This seems like a purely academic argument that would not be "better" at the risk of misinformation.


----------



## Zeroknight (Mar 18, 2009)

Right sorry. I was assuming that most people here has some basic knowledge in programming (that's the conclusion I drew anyway) We're both right though; we were just simple catering to different audiences.

btw, if there's any odd that chance that you do java too; I need to do an end-of-the-year project. Got any ideas?


----------



## bundat (Mar 19, 2009)

I always do games.

So that when I have to present it to my professor (or more commonly, defend it against a panel), I can show the usual stuff that Java programmers need to know and use (an object-oriented design), while show-off other advanced concepts and techniques, such as client-server networking communication, multi-threading, and game programming techniques such as double-buffering, frame skipping, and also show-off seemingly mind-boggling trigonometric skills with transformation matrices (like what I did with the rotating images thing).

It's usually very impressive to look at and to listen to the design specifications.
Even though it's not really hard, just many simple concepts put together.

Although if you like having something nice on your resume, I suggest finding a client (small businesses are good, although it's usually best to start looking for clients in your university, such as professors, heads of departments, and the departments themselves such as the registrar), and making them a database and an information system. It's easy as heck (you could easily throw one together in a week or two) and many programming companies REALLY love such work. Much more than a game you programmed on your resume. Makes it sound like you are really business-minded.

One ex-student professor in our university did this, and the entire university ended up using his online registration, enlistment, and subject reservation project, which every student is now required to have an account in.

It's not complicated at all (MUCH easier than a game IMO), you just need to plan it well. I also advice that you use ZK, it makes the interface look VERY professional (sample interface here, the code is as simple as pure HTML, but look at the "Events and Script" portion and you will see that you have access to the almost the whole Java API and more). As long as they allow you to use it for a "Java" project... in conjuction with Java of course.


----------



## Ethan Rosen (Mar 19, 2009)

Zeroknight said:


> (btw, you'll never crack my 256-bit double, quantum crypograph'd password


----------



## not_kevin (Mar 19, 2009)

Ethan Rosen said:


> Zeroknight said:
> 
> 
> > (btw, you'll never crack my 256-bit double, quantum crypograph'd password



XKCDFTW!!!


----------



## EmersonHerrmann (Mar 19, 2009)

That's just awesome heheheh


----------



## Zeroknight (Mar 19, 2009)

Awesome  and sorry bundat, but I'm in High School... I'll still try to do some of what you said though, thanks


----------



## bundat (Mar 21, 2009)

> ...but I'm in High School...


That's a problem...how? I just see it as an excuse to limit yourself...

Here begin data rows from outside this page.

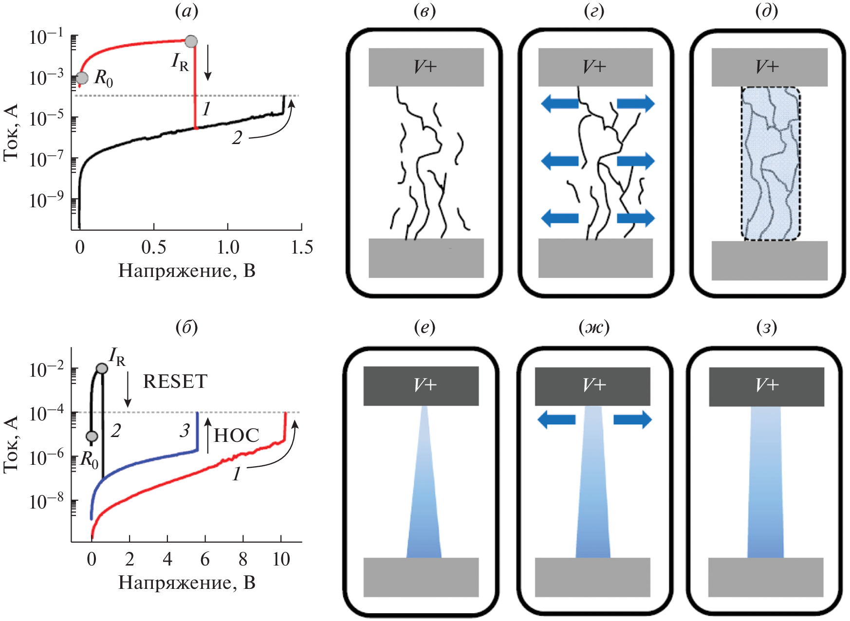 - Meng J., Zhao B., Xu Q., Goodwill J.M., Bain J.A., Skowronski M. Temperature overshoot as the cause of physical changes in resistive switching devices during electro-formation // J. Appl. Phys. 2020. V. 127. № 23. P. 235107.
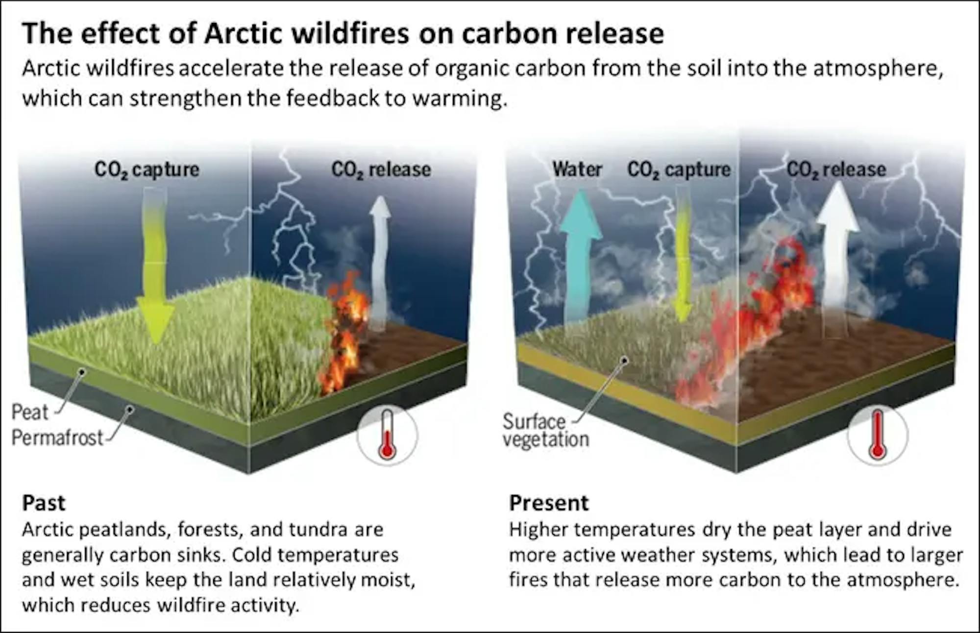 Vast amounts of organic carbon are stored in Arctic soils. Much of this is in the form of peat, a layer of decomposing plant matter. Arctic wildfires release this carbon to the atmosphere as carbon dioxide (CO2) and contribute to global warming. This creates a feedback loop in which accelerated Arctic warming dries peatland soils, which increases the likelihood of bigger, more frequent wildfires in the Arctic and releases more CO2, which further contributes to warming. Although this feedback mechanism is qualitatively understood, there remain uncertainties about its details.
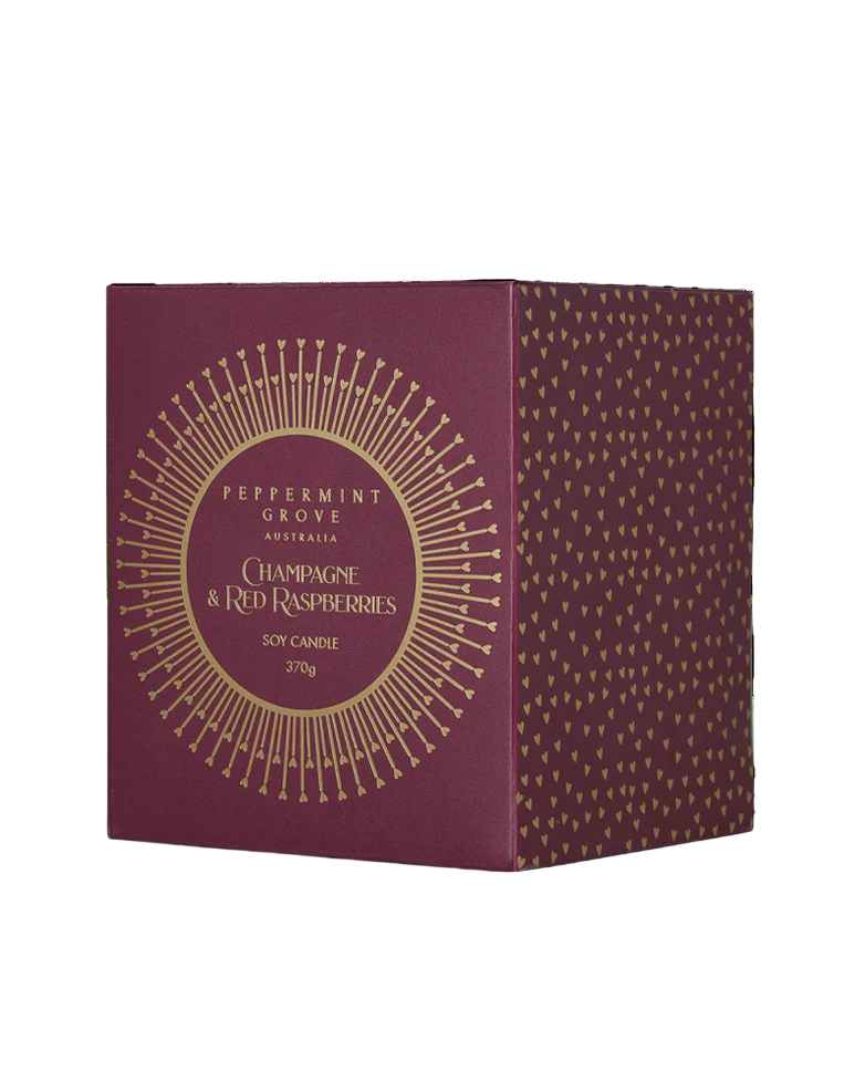 Immerse yourself in the essence of celebration with the Champagne & Red Raspberries 370g Candle. This limited edition soy candle delivers a complex fragrance that balances the sweetness of ripe strawberry, red raspberry, and pink lychee with the effervescent clarity of champagne, accented by floral hints of hyacinth and rose. Finished with a warm, creamy vanilla base, it evokes festive gatherings rich with tinsel, gifts, and indulgent moments. Presented in a sophisticated burgundy vessel adorned with gold flecks, it adds both aroma and elegance to any setting.
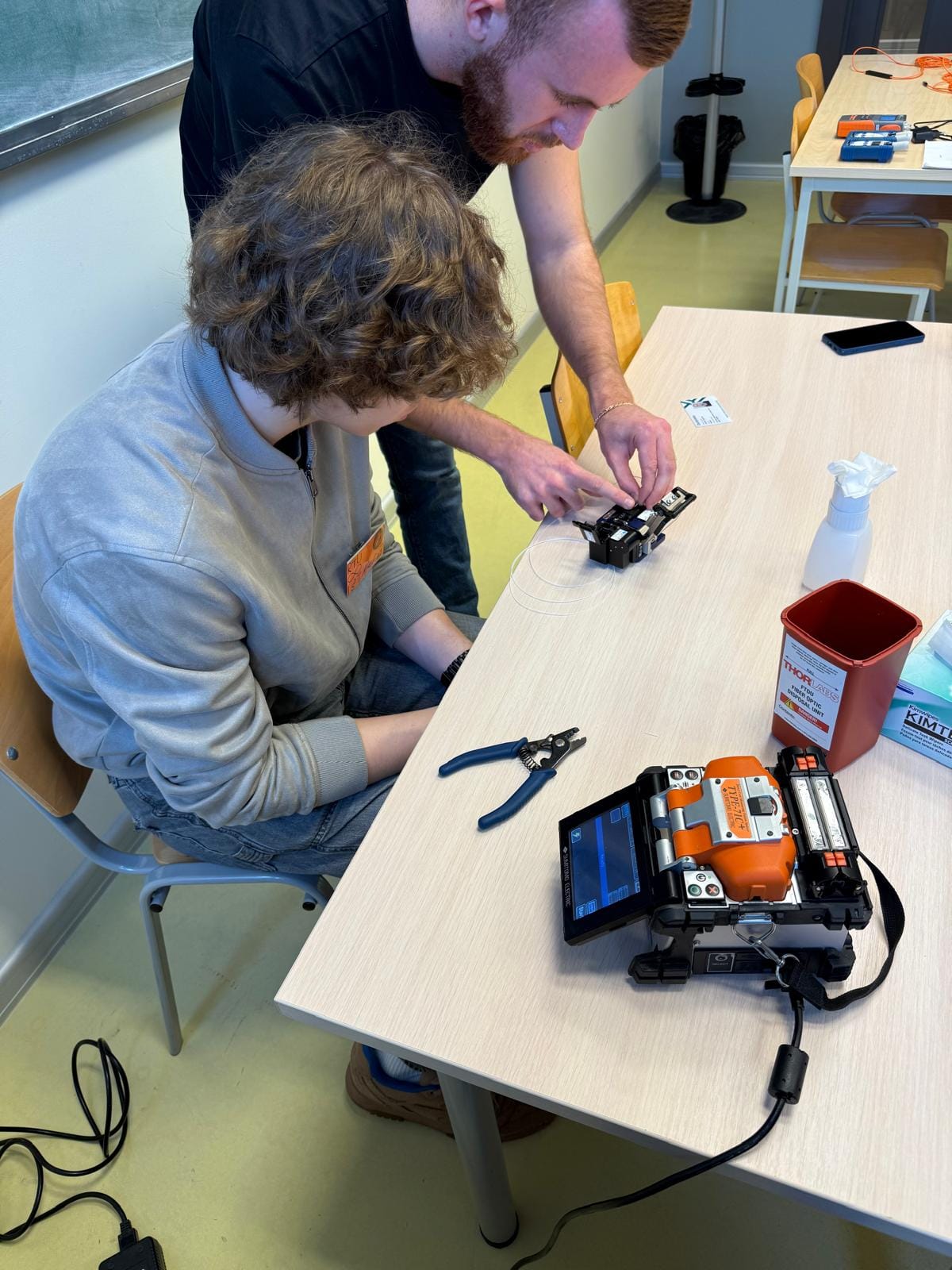 The final part of our visit gave us the chance to try fiber optic splicing firsthand. This process involves carefully aligning and fusing fiber optic cables to ensure seamless data transmission. The experience was both exciting and educational, as we used precision tools to connect the fibers. Fiber optic splicing is a crucial technique used in the installation and maintenance of high-speed networks, ensuring minimal signal loss and maximum efficiency. Getting hands-on with this process gave us a deeper appreciation for the precision and expertise required in fiber optic engineering.
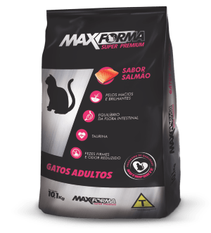 MAXFORMA é um alimento SUPER PREMIUM especialmente desenvolvido para atender todas as necessidades de GATOS ADULTOS, formulada com ingredientes nobres e rigorosamente selecionados, proporcionando para seu felino: saúde, vitalidade e um sabor irresistível de salmão.
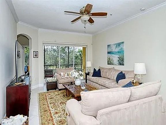 ** 3 MONTH MINIMUM - 9 MONTH MAXIMUM LEASE OPTIONS ** GORGEOUS TURNKEY FURNISHED CONDO LOCATED IN THE HIGHLY SOUGHT AFTER MIRMAR COMMUNITY AT LAKEWOOD RANCH COUNTRY CLUB! This beautifully furnished condo is located on the second floor. When you walk in you will love the large comfortable living room and bonus sitting room. It is the perfect place to host you family and friends. The fully stocked kitchen is a chefs dream with a gas stove, granite countertops, closet pantry and plenty of counter/cabinet space. The primary bedroom has a king sized bed, walk in closet and an en suite bathroom with a walk-in shower, garden tub, water closet and double vanity sinks. The two other guest bedrooms have queen sized beds. The guest bathroom features a tub and shower combination. The large screened - in lanai is the perfect place to sit back and enjoy your morning coffee. The home also features a 1 car garage. Miramar is a gated community and offers resort like amenities including a clubhouse, entertaining area with kitchen, fitness center and a heated community pool and spa. Miramar is a beautiful gated community situated along the Legacy Golf course in Lakewood Ranch, Florida as well as being located near UTC mall, shopping, grocery stores, coffee shops, I75, Sarasota/Bradenton airport, beaches and downtown Sarasota. No pets per the Association rules. ** The extra den space will be locked up as it is used as an owners closet! ** Call today for a private showing!
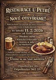 Ve středu 11. února 2026 v 11:00 se nově otevře restaurace v Děpoltovicích. Hosté se mohou těšit na pestrou nabídku klasické české kuchyně, hotovek a jídel na objednávku.
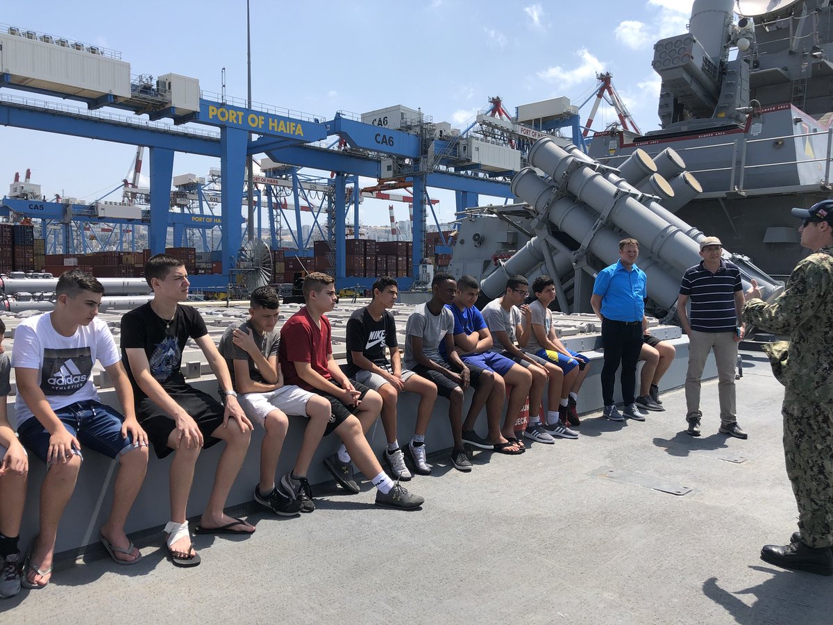 The Commanders and sailors of USS Donald Cook presently anchored at Haifa Port, hosted the Kiryat Yam youth basketball team and students of Arab College of Education in Haifa. Thank you for the wonderful tour and hospitality. @US_EUCOM @USNavypic.twitter.com/jvxTvrvE1y

I know plenty of high-schoolers who've made games, which were much harder to make than your common business information system, with things like multi-threading and tons of trigonometric computations, vector and matrix math and whatnot, in harder platforms than Java like DirectX or OpenGL, using mixed C and assembly, or even having to deal with other complexities like interrupts (vectors and handlers), hardware ports, VESA standards, parsing audio files by hand, DMA transfers, and many other things.

You can easily do all the things I've listed above with enough research and effort.
Just walk around to people in charge and ask them if they'd appreciate something in their files or database to be automated or computerized. It's not hard to get a "client", especially if it's going to be free for them.


----------